Although the clustering is correct---there are indeed four
clusters---it fails to reveal any insight into the relationship
between these clusters. In particular, the distribution of genes in
the middle cluster is an equal mixture of the gene distributions in
the other clusters. This is a limitation of any clustering method that
does not allow for partial membership to clusters.

To further understand this point, we label each sample by the topic
with the highest estimated weight:

```{r tsne-from-counts-2, fig.height=3, fig.width=3}
kmax <- factor(apply(fit$L,1,which.max))
ggplot(cbind(tsne1$Y,data.frame(kmax)),aes(x = d1,y = d2,fill = kmax)) +
  geom_point(shape = 21,color = "white",size = 2,show.legend = FALSE) +
  scale_fill_manual(values = c("dodgerblue","darkorange","darkblue")) +
  theme_cowplot(font_size = 12)
```

In general, a clustering will align closely with the topic modeling
whenever the samples can be largely explained by a single topic or
gene program. Outside this setting, topic modeling and clustering can
reveal very different sorts of substructure, so a topic modeling
analysis should not be expected to recapture the results of a
clustering analysis, and vice versa.

Inferring clusters from the topic model
---------------------------------------

Despite this limitation of the clustering methods, it can nonetheless
be useful to identify the clusters exhibiting markedly different gene
expression patterns.

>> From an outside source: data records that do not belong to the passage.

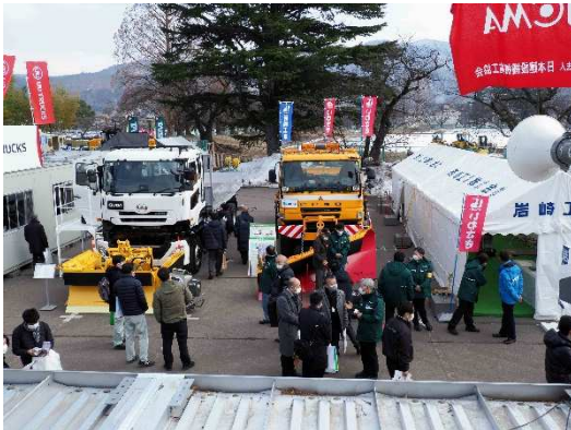
写真10 岩崎工業(株)・UDトラックス(株)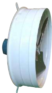
H 52 M - H 52 T Helicoidal.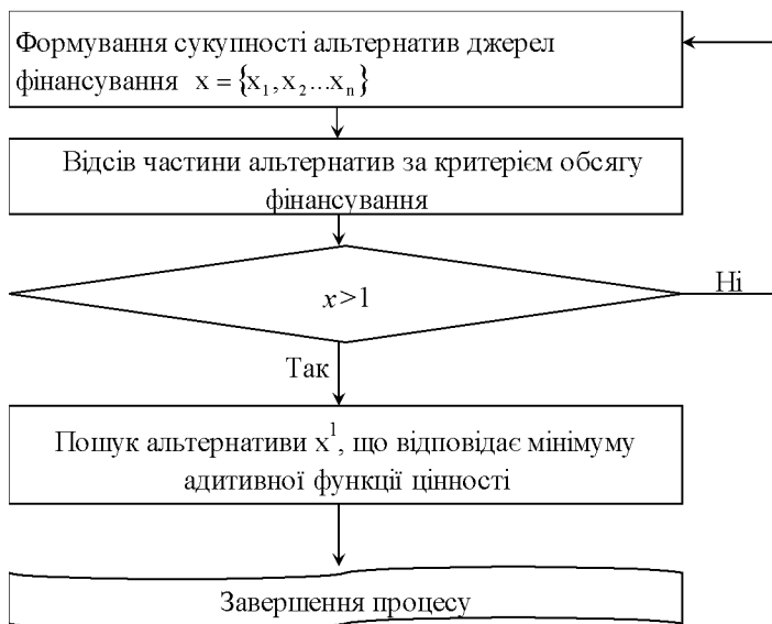
Рисунок 3 – Алгоритм проведення оптимізації джерел фінансування за графічним методом

Алгоритм здійснення оптимізації джерел фінансування за запропонованим методом подано на рис. 3.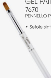
GEL PAINTER 6 7670 PENNELLO PIATTO OVALE

This can also be done within a topic modeling
analysis: the topic model contains enough information to identify
these clusters, at least in the artificial setting where the data are
simulated from a topic model.

For example, a 2-d *t*-SNE projection of the topic proportions reveals
the same four clusters:

```{r tsne-from-loadings, fig.height=3, fig.width=3}
tsne2 <- Rtsne(fit$L,2,pca = FALSE,normalize = FALSE)
colnames(tsne2$Y) <- c("d1","d2")
ggplot(cbind(tsne2$Y,data.frame(kmax)),aes(x = d1,y = d2,fill = kmax)) +
  geom_point(shape = 21,color = "white",size = 2,show.legend = FALSE) +
  scale_fill_manual(values = c("dodgerblue","darkorange","darkblue")) +
  theme_cowplot(font_size = 12)
```

Or we can achieve a similar result using PCA:

```{r pca-from-loadings, fig.height=3, fig.width=3}
pca <- prcomp(fit$L,center = TRUE,scale = FALSE)
ggplot(cbind(pca$x,data.frame(kmax)),aes(x = PC1,y = PC2,fill = kmax)) +
  geom_point(shape = 21,color = "white",size = 2,show.legend = FALSE) +
  scale_fill_manual(values = c("dodgerblue","darkorange","darkblue")) +
  theme_cowplot(font_size = 12)
```

In short, the topic modeling analysis retains the benefits of the
clustering analysis, while revealing additional substructure that
cannot be identified by standard clustering methods.